> [Task directions] Pictures are to be left out, and only the lines below starting at the one with "Betrachter, dass diese" and ending at the one with "II. Lajos emlékmű régi" are to be reproduced, each exactly, both ends included.

> [Dataset content]
========
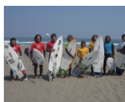
サーフィン講師:(SurfUp島根専属インストラクター)

定員:10名 参加費:3,850円(保険料込) 雨天会場:波根中央集会所 時間:8:00～9:30くらい
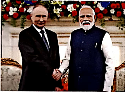
08 भारत-रूस: पुतिन कूटनीति
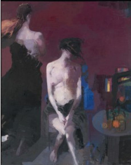
Arno Rink: "Lots Töchter", Öl auf Leinwand, 2007

Betrachter, dass diese eher stille und gut gemeinte, aber künstlerisch noch unausgereifte Sammlung von ziemlich konventionellen Bildern einen solch lauten Streit hervorrufen kann?
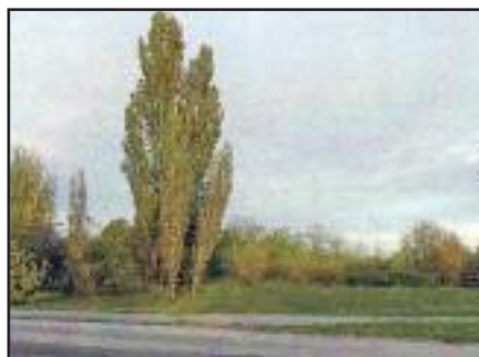
II. Lajos emlékmű régi
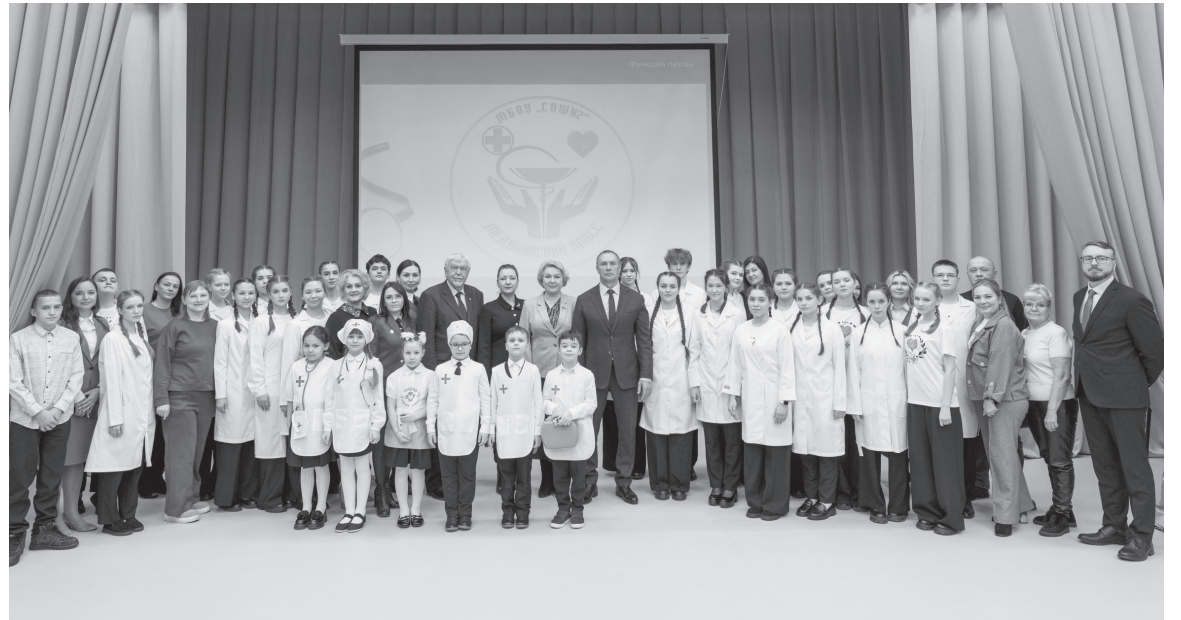
Более двадцати будущих медицинских работников получили свои первые белые халаты.

Профильные медицинские классы существуют в городе с 2015 года. Сегодня в них обучаются 43 старшеклассника. Пятнадцать выпускников вузов уже работают врачами, остальные учатся в медицинских образовательных учреждениях. Всего за это время школа № 2 дала путевку в жизнь 132 учащимся медкласса. Отметим, что создание и расширение сети профильных классов является одной из ключевых задач национального проекта «Молодежь и дети».
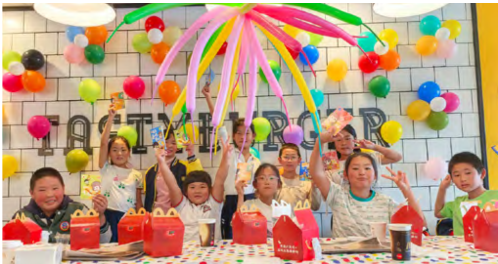
赉红学校学生至科技馆研学后享用午餐

察右后旗乡村留守学生家庭经济条件有限，学生普遍面临餐食营养不足的困境，2023年本行实地调研了解学校需求后，即开始对该地区赉红学校、大六号学校捐赠餐补金，提升学生餐质。2025年，更是积极响应国家金融监督管理总局察右后旗监管支局倡议，参与“金融暖阳·营养未来”乡村小学爱心营养餐改计划，助力该地区乡村小学营养改善计划，本行于该地区的餐质提升捐赠效益由两所学校扩宽至该地区全部乡村学校。本行善举亦获得当地政府、察右后旗监管支局的肯定与致意。
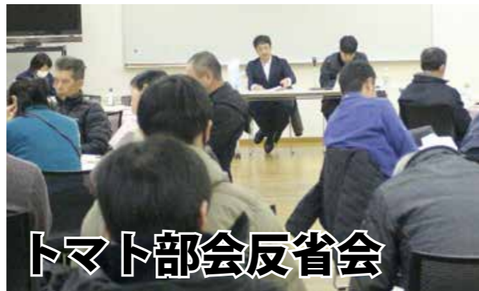
出席者と部会長ら
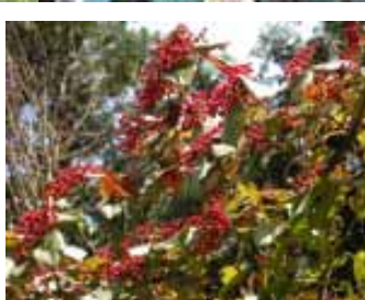
左上 フユイチゴの実 左下 ミヤコアザミ 上 ガマズミの実
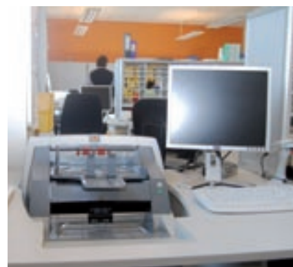
Scannen und Archivieren wird immer öfter nachgefragt.

weltweit mit Proben, Mustersendungen, Sendungen für Werbekampagnen und Gewinnspiele ausgestattet werden. Dafür verlassen monatlich rund 4000 Pakete die Hamburger Poststelle. Gemeinsam mit der Exportabteilung hat man eine Länderinformationsliste ins Intranet gestellt, in der alle Auslandsfrachtbestimmungen aufgelistet sind. So gelten Deosprays wegen der Befüllung mit Druckgas als Gefahrgut. In manchen Ländern droht den Paketen selbst Gefahr: nämlich die des spurlosen Verschwindens. Deshalb werden solche Sendungen in der Poststelle gesammelt und per Kurier versandt – zweimal pro
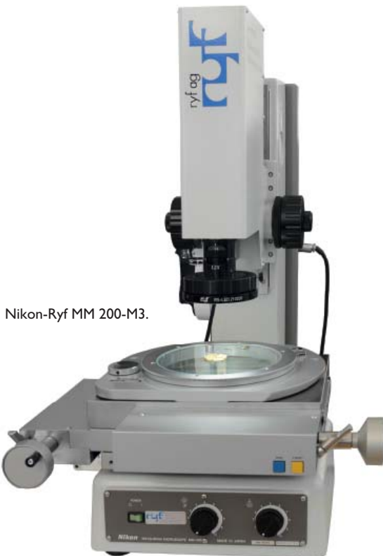
Nikon-Ryf MM 200-M3.
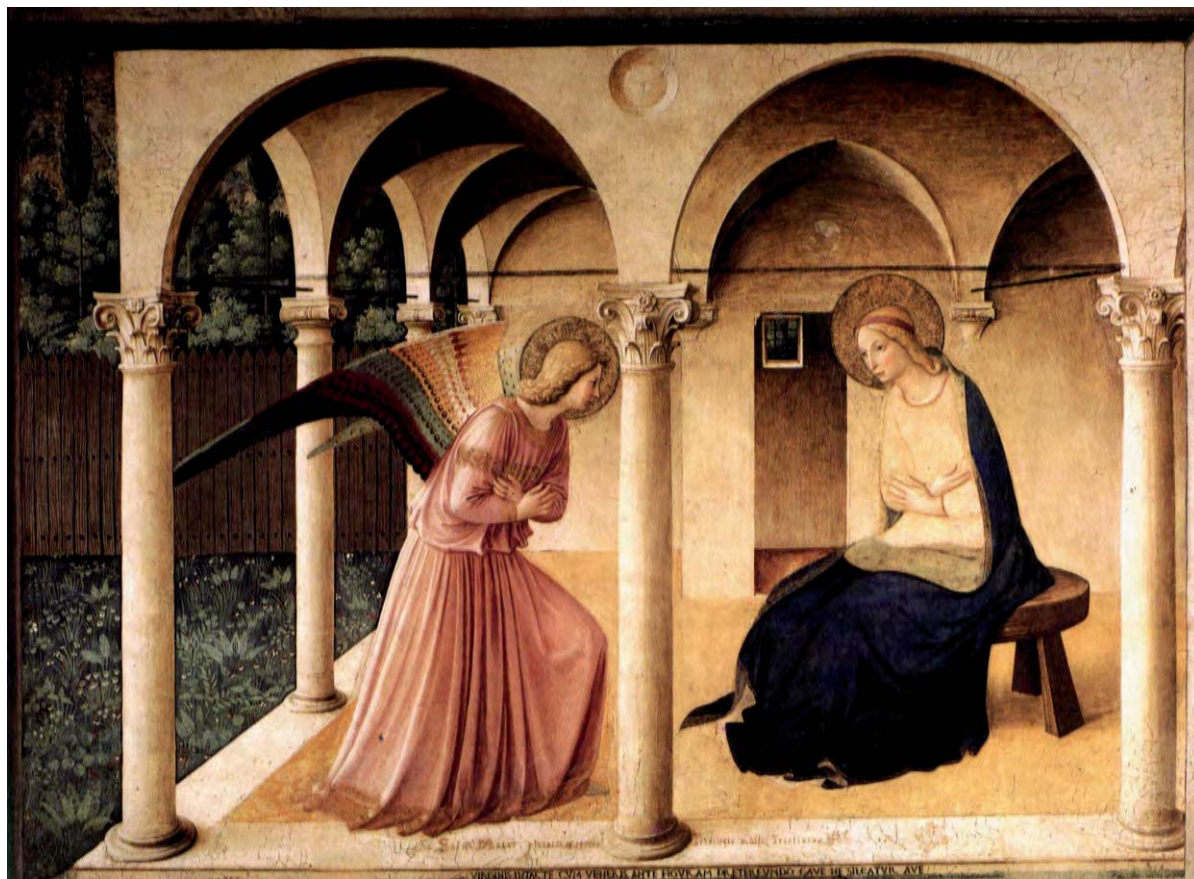
figura 1: Beato Angelico, Annunciazione del corridoio nord , affresco, ca. 1440-1450, Convento di San Marco, Firenze
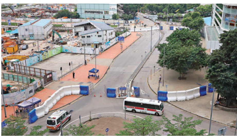
昨日警方在政府總部及立法會大樓對開一帶設置大量水馬，不時有警車巡邏。

自由黨副主席邵家輝表示，任何國家的國民都不會反對自己的國歌，攬炒派竟公然反對國歌法，不但令人莫名其妙，其所為實質上更是在反對基本法，可能已違反了立法會議員宣誓內容。
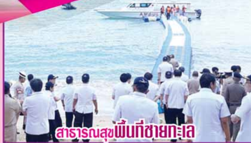
สาธารณสุขพื้นที่ชายทะเล
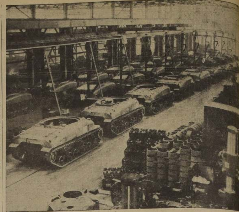
Aspecto que presenta una fábrica de Estados Unidos, que producía antes artículos para uso de la población civil, y que hoy día se dedica enteramente a construir, para las fuerzas armadas, el nuevo modelo de tanques de gran velocidad y potencia de fuego.

He aquí algunos rasgos del hombre más poderoso de los Estados Unidos en cuanto a producción de armas para las Democracias se refiere.
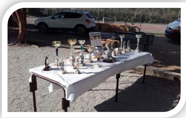
Les trophées de la Sophie Bélarganaise
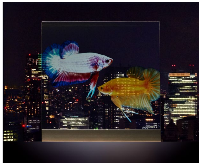
背景を活かした映像投影が特長です。
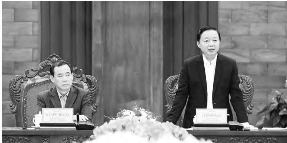
Phó Thủ tướng Chính phủ Trần Hồng Hà và Quyền Bí thư Tỉnh ủy Lâm Đồng Nguyễn Thái Học chủ trì buổi làm việc.

N gày 4/9, tại TP Đà Lạt, Phó Thủ tướng Trần Hồng Hà và Đoàn công tác Chính phủ có buổi làm việc với lãnh đạo tỉnh Lâm Đồng cùng các đơn vị, địa phương liên quan để giải quyết các khó khăn, vướng mắc của Dự án đường bộ Cao tốc Tân Phú (Đông Nai) - Bảo Lộc, Bảo Lộc - Liên Khương và Nha Trang - Đà Lạt.
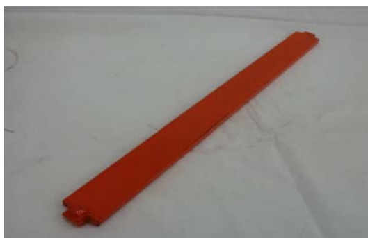
Art. 2040088 ASTA PULITORE CAMERA MISCELAZIONE
========
> [Result of this exercise]
Betrachter, dass diese eher stille und gut gemeinte, aber künstlerisch noch unausgereifte Sammlung von ziemlich konventionellen Bildern einen solch lauten Streit hervorrufen kann?
II. Lajos emlékmű régi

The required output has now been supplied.